Die Karlsruher Stadthalle ist in die Jahre gekommen und wird seit der Schließung Mitte 2017 saniert. Doch über Monate hinweg war es still um die Baustelle. Seit Beginn des Jahres - so die Stadt - sind die Bauarbeiter nun wieder sukzessive zugange. Das Ziel: Bis zum Sommer soll ein "geregelter Bauablauf" entstehen.

Für die Obergeschosse sei die Planung nun fast fertiggestellt, sodass hier in weiten Teilen Baufreiheit herrsche. "Gelöst werden konnten mit Unterstützung der städtischen Fachberater kritische Punkte wie die Sprinklerplanung, die Entrauchungsschächte und die Schachtausfädelungen", so die Stadt Karlsruhe in einer Pressemeldung. 

© Paul Needham / www.paulneedham.de
© Paul Needham / www.paulneedham.de | Bild: Paul Needham

Planung in den Obergeschossen fast fertiggestellt

Für die Gewerke Sanitär, Lüftung, Heizung, Kälte und Elektro wurden die noch fehlenden Teilbereiche erarbeitet, auf die die Sprinklerplanung und die Schachtbereiche noch abgestimmt werden mussten.

In Seminarräumen wurde die Decke abgehängt, um unterhalb Platz für die Lüftung zu schaffen
In Seminarräumen wurde die Decke abgehängt, um unterhalb Platz für die Lüftung zu schaffen | Bild: SSP/Stadt Karlsruhe

"Noch nicht vollständig konnten dagegen die Herausforderungen in den Foyerbereichen der Untergeschosse bewältigt werden", so die Stadt weiter. Für die unteren Geschosse bestehe noch Abstimmungsbedarf zwischen den verschiedenen Fachdisziplinen der Planung.

© Paul Needham / www.paulneedham.de
© Paul Needham / www.paulneedham.de | Bild: Paul Needham

Die reinen Installationen sind planerisch untergebracht, jedoch müssen - darauf aufbauend - Anpassungen auf Grund der Deckenüberlastung vorgenommen werden, heißt es weiter. Zudem müsse man "statisch notwendige Ertüchtigungsmaßnahmen in den kritischen Bereichen" ausarbeiten.
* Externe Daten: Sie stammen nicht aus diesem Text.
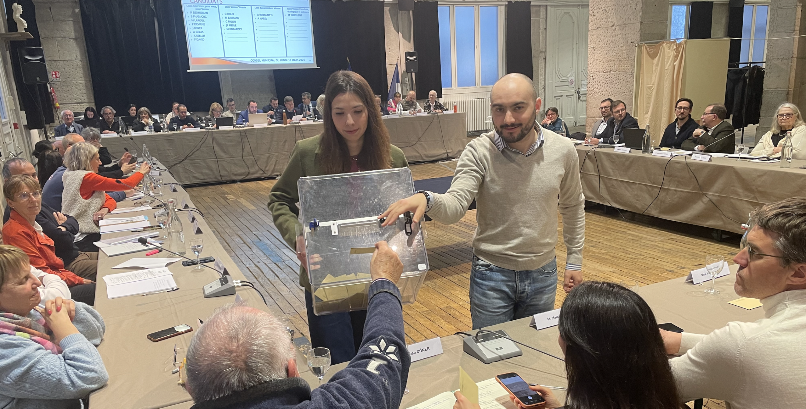 Plus de trois heures ! Le deuxième conseil municipal de la Ville de Vienne post élections, après le dernier en date consacré à l’installation du maire, des adjoints et des conseillers délégués, s’est révélé, lundi 30 mars particulièrement dense. Il faut que le fonctionnement de la municipalité reparte sur ses nouvelles bases : les élus ont ainsi voté pour élire les conseiller municipaux siégeant dans cinq commissions municipales, mais aussi pour désigner les représentants du conseil municipal dans de très nombreux organismes, de l’hôpital, aux différents conseils d’école, etc. Le tout avec en sus un débat d’orientation budgétaires, nous y reviendrons.
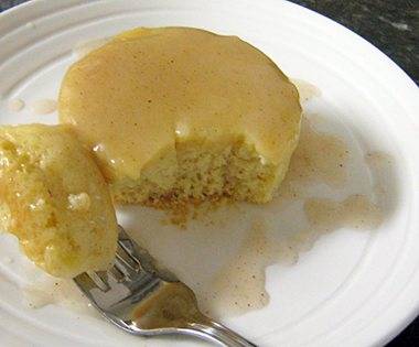 Remove ramekins to a rack to cool slightly, then they may be served with whipped topping or unmold warm cakes on dessert plates and serve with Spiced Vanilla Sauce or a rum sauce.
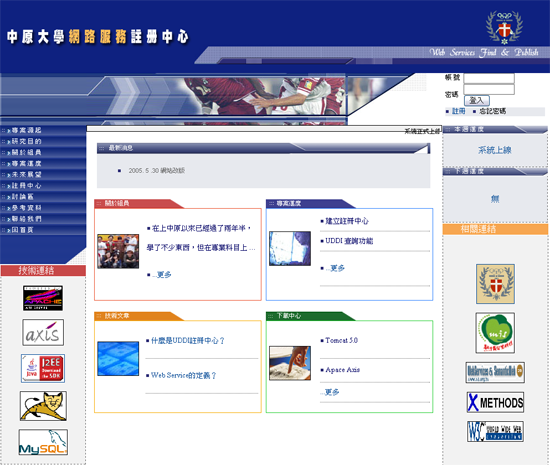 此頁為首頁,右上方為登入的欄位,註冊中心的功能需要登入才能使用,左方為選單,提供系統的說明和核心的功能--註冊中心。畫面左下和右下分別為相關技術的參考網站和本站的相關資源。
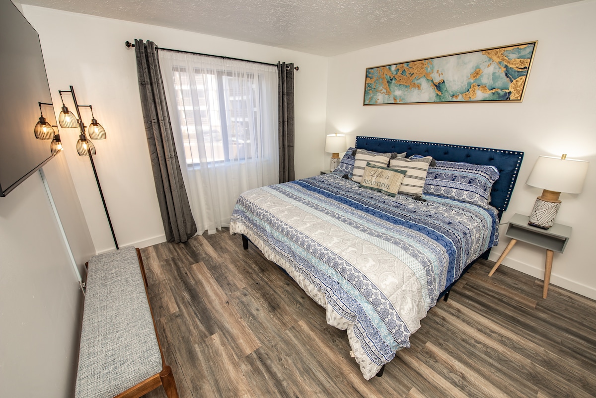 从这间时尚公寓步行即可抵达主街和Frog Level。
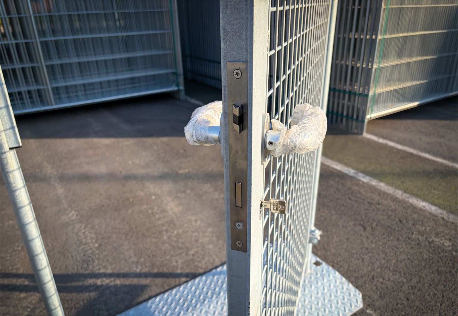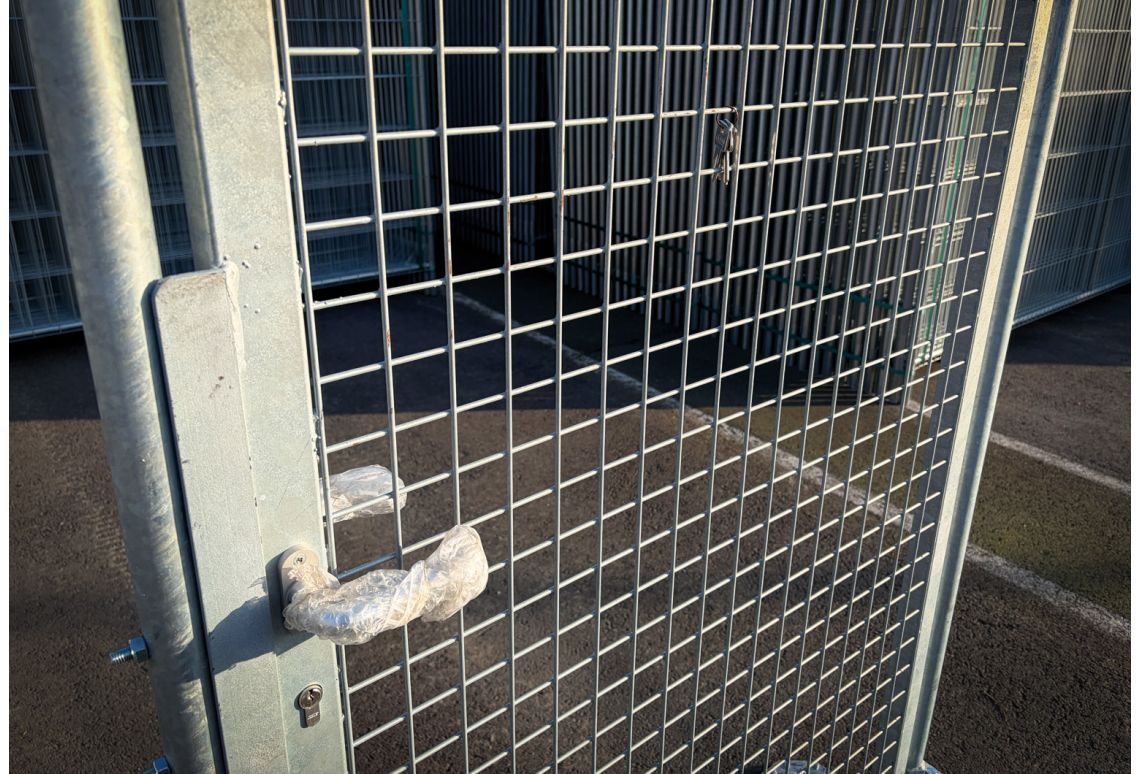 De bouwhek poort biedt een veilige en handige doorgang in tijdelijk hekwerk. Deze poort is speciaal ontworpen om eenvoudig toegang te verschaffen tot een afgesloten bouw- of evenemententerrein. Dankzij de stevige constructie en gebruiksvriendelijke werking is deze poort ideaal voor medewerkers en bezoekers.
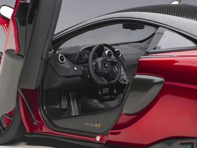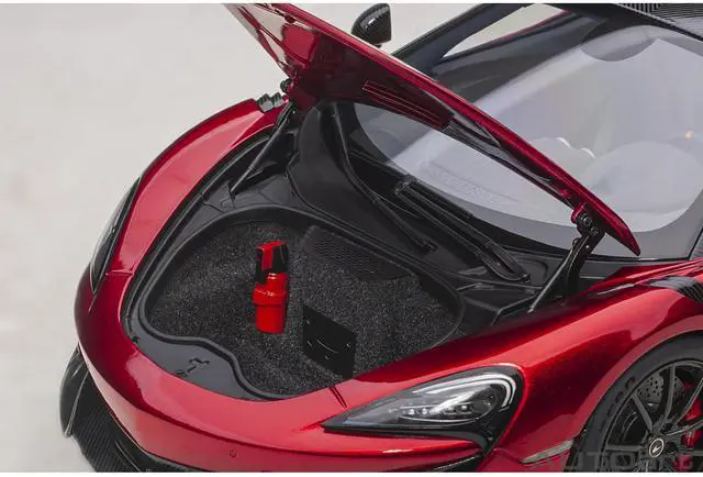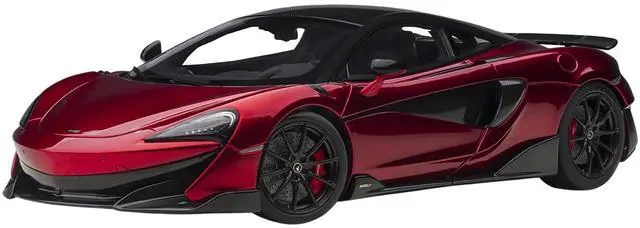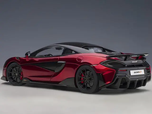 Brand new 1/18 scale car model of McLaren 600LT Vermillion Red and Carbon model car by Autoart.
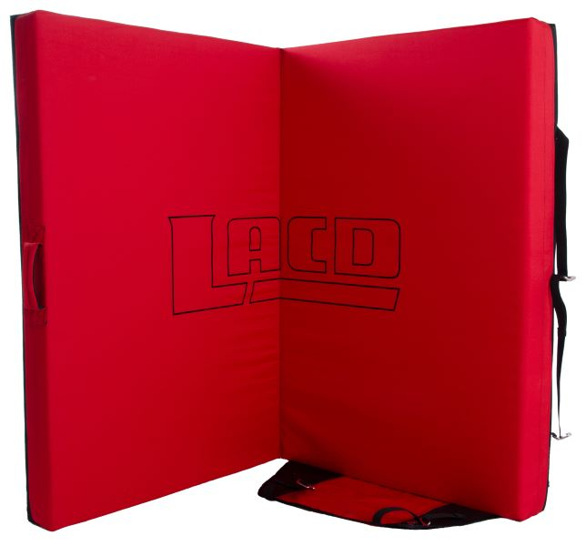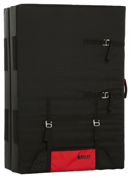 Das Spotmaster 2.0 Crashpad von LACD ist für geübte Boulderer und Einsteiger gleichermaßen gut geeignet. Bei diesem Crash Pad passt das Verhältnis von Fläche, Dicke, Dämpfung und Gewicht ideal zusammen. Im geschlossenen Zustand ist das Crash Pad mit 1 m Höhe, 70 cm Breite und 5,3 kg Gewicht auch für längere Approaches super zu tragen. Dafür stehen entweder der seitliche Tragegriff oder die gepolsterten Rucksackträger zur Verfügung. Am Felsblock angekommen, entfaltet die Bouldermatte mit 140 cm auf 100 cm ihre volle Größe. Da der Falz in der Mitte im 45° Winkel geschnitten ist, liegt das Crashpad als perfekte und einheitliche Landefläche. ohne das Verletzungsrisiko, das bei einer geraden Falz entsteht. Das hochwertige LACD Crashpad ist mit drei unterschiedlichen Schaumstofflagen nach dem Prinzip der Niedersprungmatten aufgebaut. Die oberste Schaumstoffschicht (3,5 cm) besteht aus hartem Schaumstoff, während die mittlere Schicht (5 cm) mit ihrem weichen Material für die zuverlässige Dämpfung zuständig ist. Ganz unten bietet eine dünne (0,5 cm) Lage aus hartem Schaum einen soliden Boden. Mit den praktischen Gurtbändern und den einstellbaren Schnallen aus Aluminium ist das Spotmaster 2.0 schnell und sicher verstaut. Das Flap auf der Unterseite schützt das Pad vor Beschädigungen und kann ergänzend auch für den Transport von Chalkbag und Boulderschuhen verwendet werden.
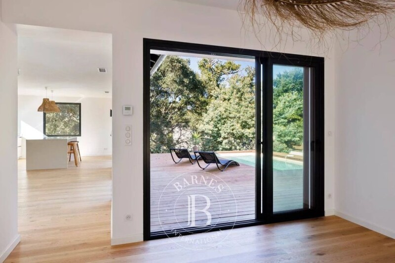 Ideally located at the end of a quiet cul-de-sac near shops and the beach, this charming house was fully renovated in 2024. With a living area of 140 m², the villa features an inviting entrance, a spacious living room opening onto the terrace, a fully equipped eat-in kitchen, a master suite, and three additional bedrooms with a shared bathroom. Set on an 865 m² garden that backs onto a wooded area, this property offers both tranquility and convenience.
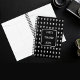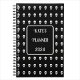 Muster weißer Schädel auf schwarzem Hintergrund. Dieser Planer ermöglicht Ihnen, Ihre Aufgaben so zu planen, wie Sie es möchten.Personalisieren Sie Ihren Namen, Titel und Jahr.
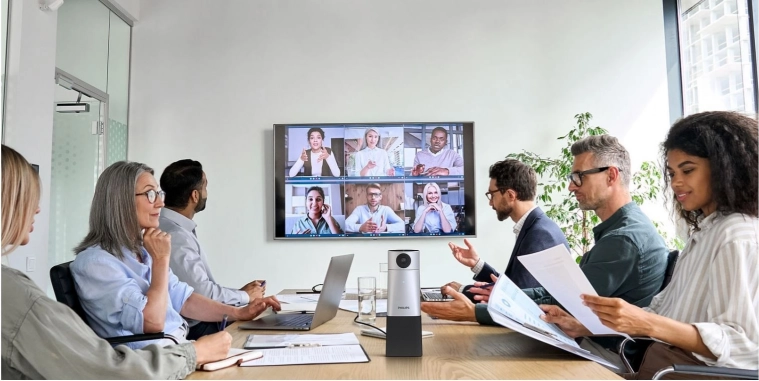 Fang hver detalje med 4K‑kamera, fleksibel pan/tilt/zoom og automatisk taler-sporing for et professionelt indtryk ved hvert møde.
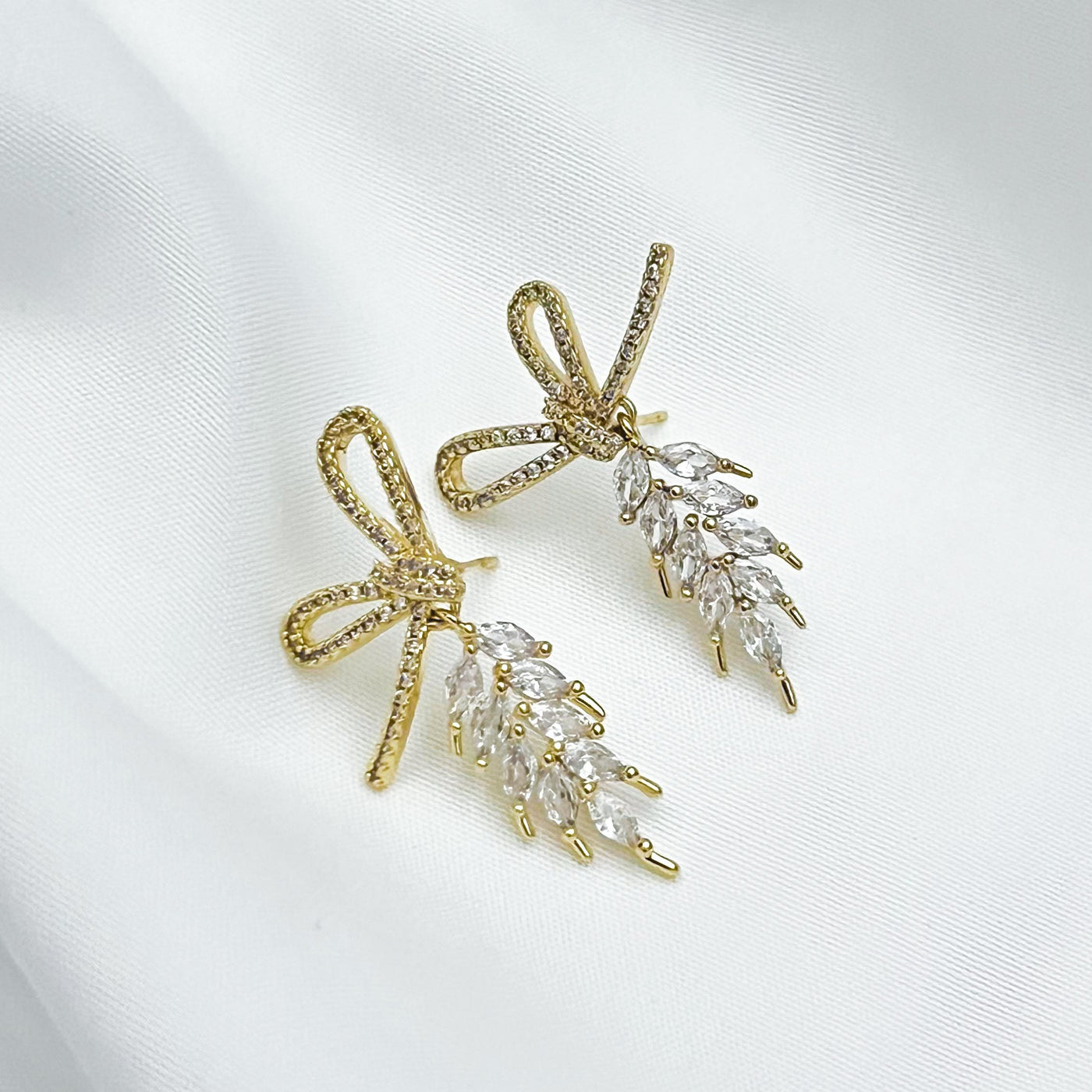 Gold Wheat Stud Earrings Diamond Wheat Drop Earrings Cubic Zirconia Leaf Drop Earrings Wedding Jewelry Bridesmaid Earrings Gift for Her

Lösungen für "kritische Punkte" gefunden

Besonders für die "kritische Punkten" seien aber mittlerweile "umsetzbare Lösungen" gefunden worden. Darüber informierte Baubürgermeister Daniel Fluhrer nach Angaben der Stadt das gemeinderätliche Begleitgremium zur Stadthallen-Sanierung am Dienstag.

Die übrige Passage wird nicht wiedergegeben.